───── Recorded information
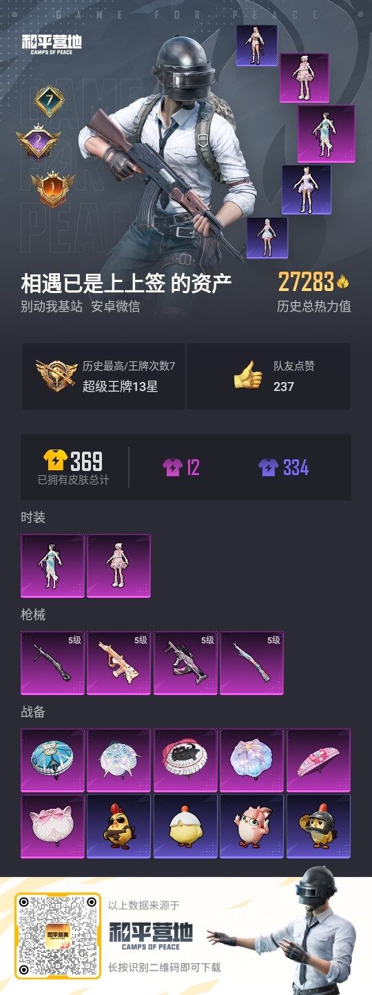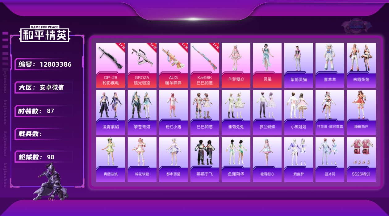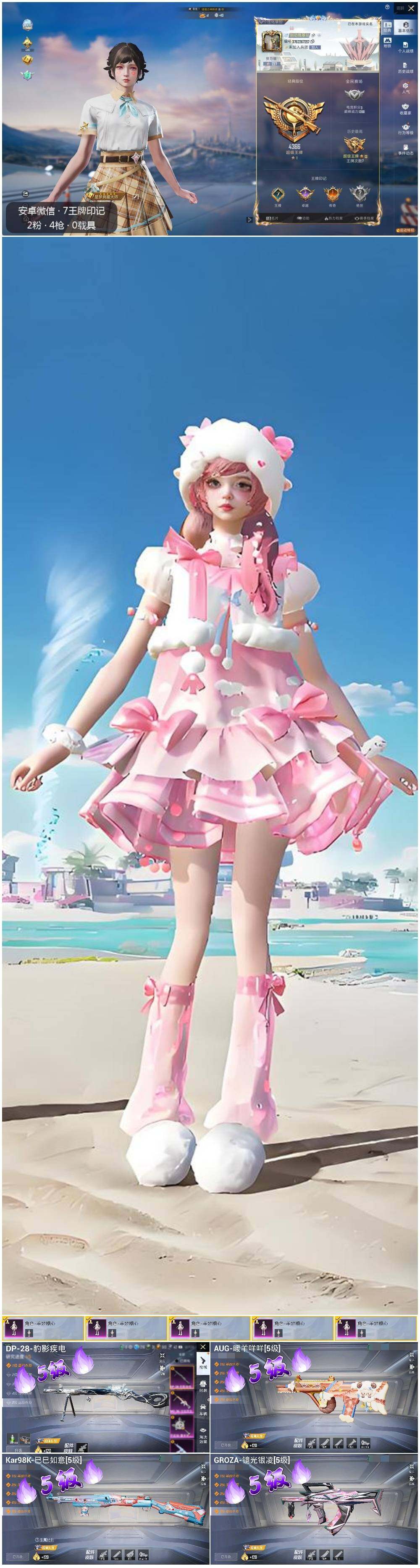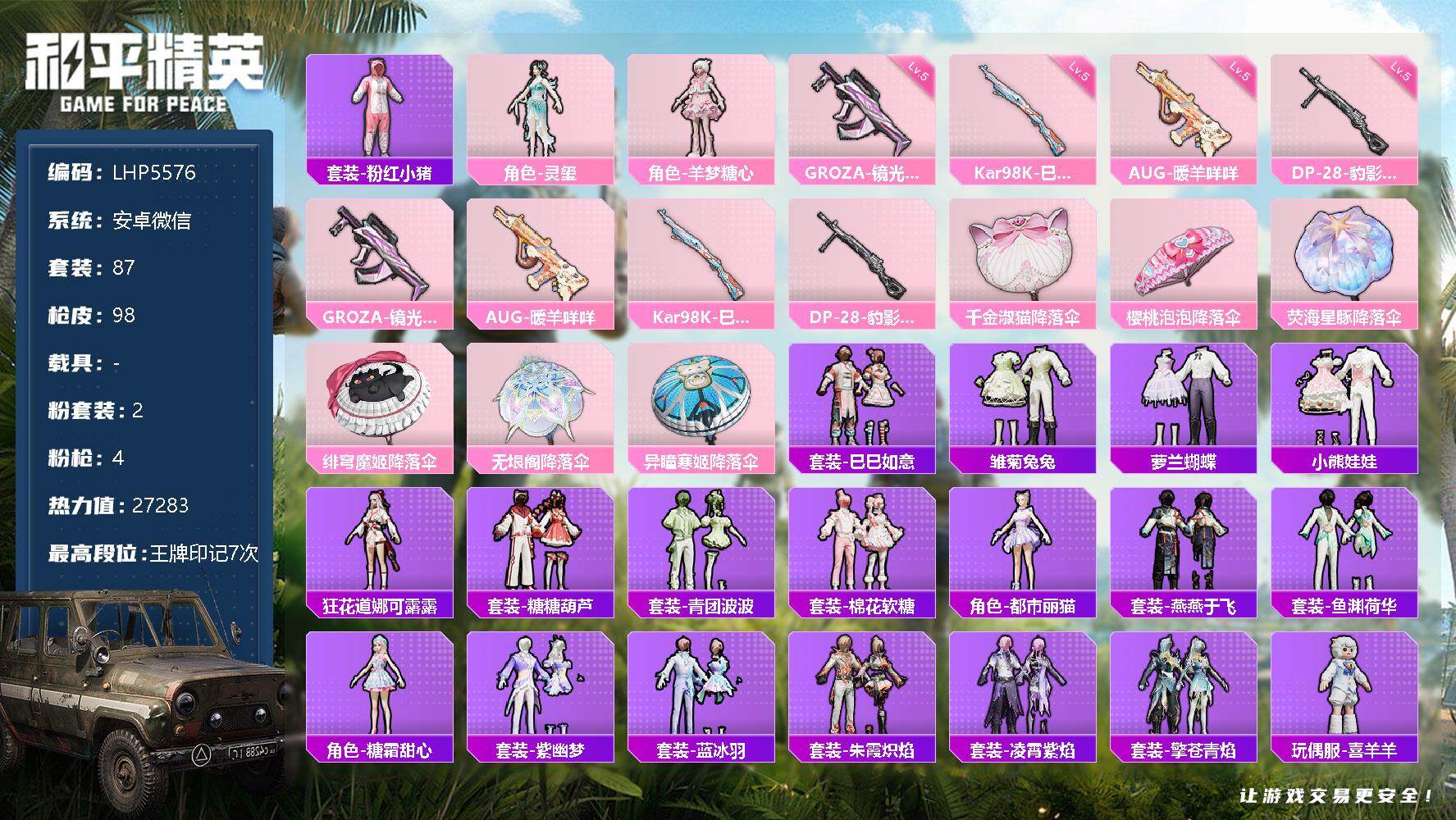[12803386]安卓 微信-2粉装-4特效枪-2.7w热力值-7王牌印记-87套装-98枪皮【热门品类】:套装-粉红小猪【粉色套装】:角色-灵玺,角色-羊梦糖心【粉色枪皮等级】:GROZA-镜光银凌(五级),AUG-暖羊咩咩(五级),Kar98K-巳巳如意(五级),DP-28-豹影疾电(五级)
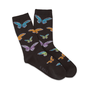 Celebrate the change of the seasons and take flight in a beautiful new pair of socks perfect for Spring time! This fun pair of all black crew socks features an all over print of vibrant and colorful butterflies in different sizes. Butterflies are a symbol for change, hope, and life.
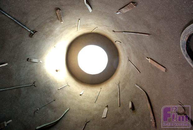 Внутри башни разместился небольшой музей: Чобан и Стерлигова собрали предметы деревенского быта и повесили на стенах. Здесь колеса, лопаты, коромысла, хомуты и уздечки для лошадей, корыта, пилы и другое. Подписей нет — назначение инструментов угадывается без труда.
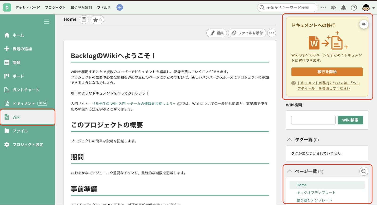 なお、現在のWiki機能については、将来的にドキュメント機能へ統合する計画です。統合時期の詳細については、決定次第あらためてご案内します。
──────────
#### What you are asked to do:
Write out everything in the data word for word. Omit each picture.

#### Exercise solution:
[12803386]安卓 微信-2粉装-4特效枪-2.7w热力值-7王牌印记-87套装-98枪皮【热门品类】:套装-粉红小猪【粉色套装】:角色-灵玺,角色-羊梦糖心【粉色枪皮等级】:GROZA-镜光银凌(五级),AUG-暖羊咩咩(五级),Kar98K-巳巳如意(五级),DP-28-豹影疾电(五级)
 Celebrate the change of the seasons and take flight in a beautiful new pair of socks perfect for Spring time! This fun pair of all black crew socks features an all over print of vibrant and colorful butterflies in different sizes. Butterflies are a symbol for change, hope, and life.
 Внутри башни разместился небольшой музей: Чобан и Стерлигова собрали предметы деревенского быта и повесили на стенах. Здесь колеса, лопаты, коромысла, хомуты и уздечки для лошадей, корыта, пилы и другое. Подписей нет — назначение инструментов угадывается без труда.
 なお、現在のWiki機能については、将来的にドキュメント機能へ統合する計画です。統合時期の詳細については、決定次第あらためてご案内します。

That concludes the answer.